So, farewell then the UN Mission in Ethiopia and Eritrea (UNMEE), born after the two countries ended a massive war in 2000 and gently put down by a sorrowful Security Council on Wednesday. It won’t really be missed, as it wasn’t one of the coolest missions out there. It was one of the last old school, peacekeeping-equals-troops-stuck-between-two-states-that-had-a-big-war operations left in Africa, an anomaly in the age of peacebuilding-as-changing-the-DNA-of-the-country.
And closing it down was the only option, as the Eritreans had cut off its fuel supplies through their territory last December, forcing a troop withdrawal this February. The remarkable thing about UNMEE is that it stayed in place so long, as the Eritreans began to bugger about with it in December 2005 and never really let up. Their excuse was that Ethiopia has refused to comply with international rulings on the delineation of the border with the UN was meant to monitor, so why bother?
Eritrea had a point. But its behavior towards UNMEE has been an important part of the trend towards greater resistance to UN missions that I blogged about earlier in July. One UN staffer responded to my post, which argued that Darfur is now a textbook for anti-UN spoilers, by pointing out that “the Eritreans provided the Sudanese with a wonderful case study in how to ‘red team’ a UN mission through de facto withdrawal of consent by removing critical mission enablers [that’d be the helicopters, etc.] and not honoring Status of Forces Agreements”.

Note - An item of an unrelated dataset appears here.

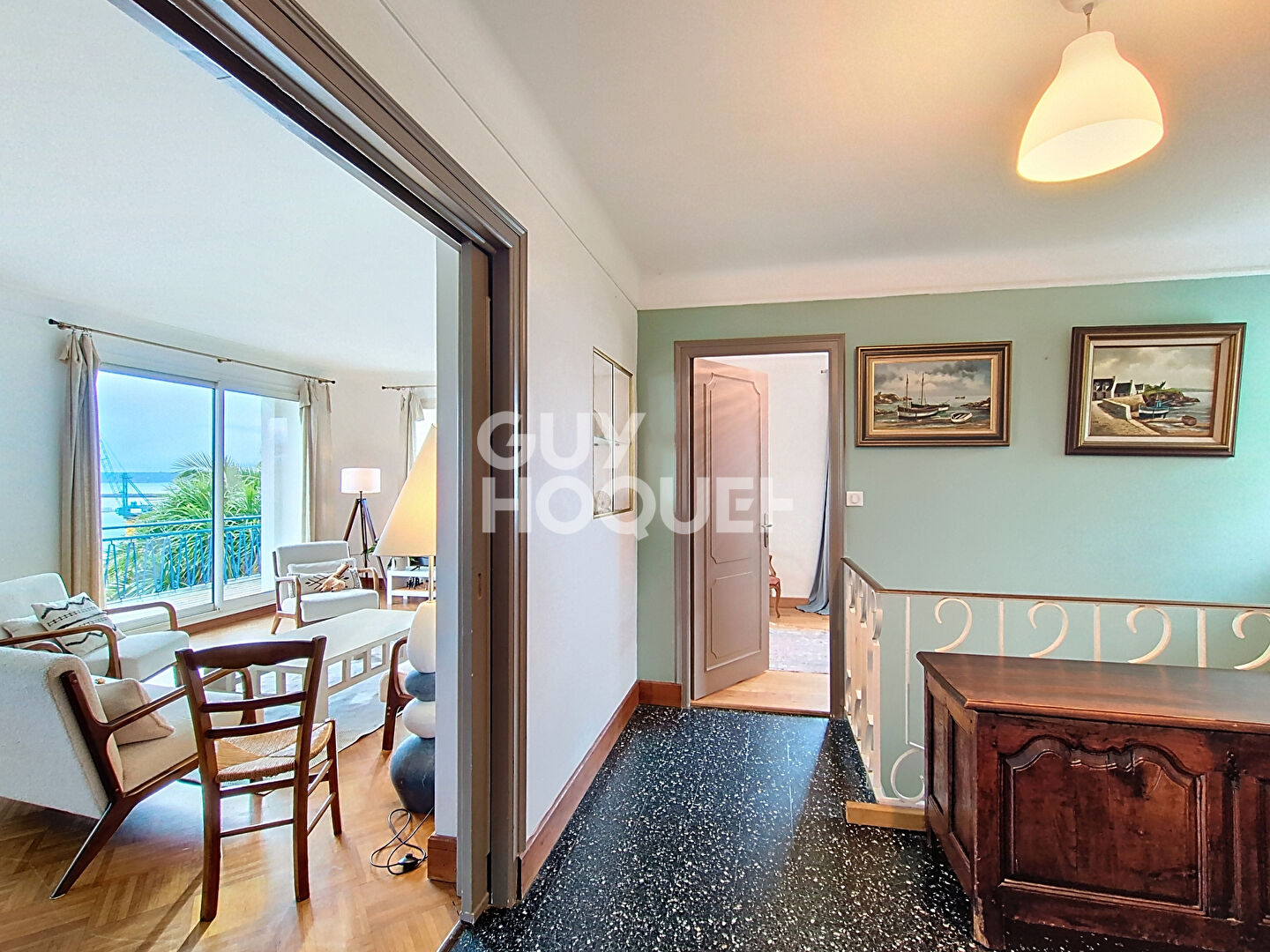 Développant 171 m², elle comprend un vaste séjour lumineux avec vue mer, une cuisine indépendante, 7 chambres, deux salles d'eau/bains et de belles terrasses.

So Eritrea has earned its place in the roster of UN failures (a sign that the UN will probably be back there sooner or later, as in the DR Congo, Central African Republic and maybe Somalia). The Eritreans are trying to be reassuring that this doesn’t mean war with Ethiopia straight away, but given that they managed to pick a fight with tiny Djibouti recently, I wouldn’t get too relaxed. Last month, I suggested in an op-ed for ECFR that the way out of this impasse is to enlarge the context by several orders of magnitude, addressing East Africa’ problems en bloc:
There is a need for an international drive for a regional security conference that could hammer out a credible framework for resolving border disputes, guaranteeing peace agreements and rehabilitating rebel groups. The African Union and UN should take a political lead. The U.S. (which sees East Africa as a front against terror) and China (which buys its raw materials) must join in. The EU could play a role in coordinating conditional financial support to back up the deal-making.
All rather grandiose, and observant readers may wonder how this proposal squares with my recent warning against “piling international institution on international institution in Africa”. My answer would be that such a conference, involving horizontal negotiations between African governments, may be the best Plan B when trying to impose security frameworks from New York stops working.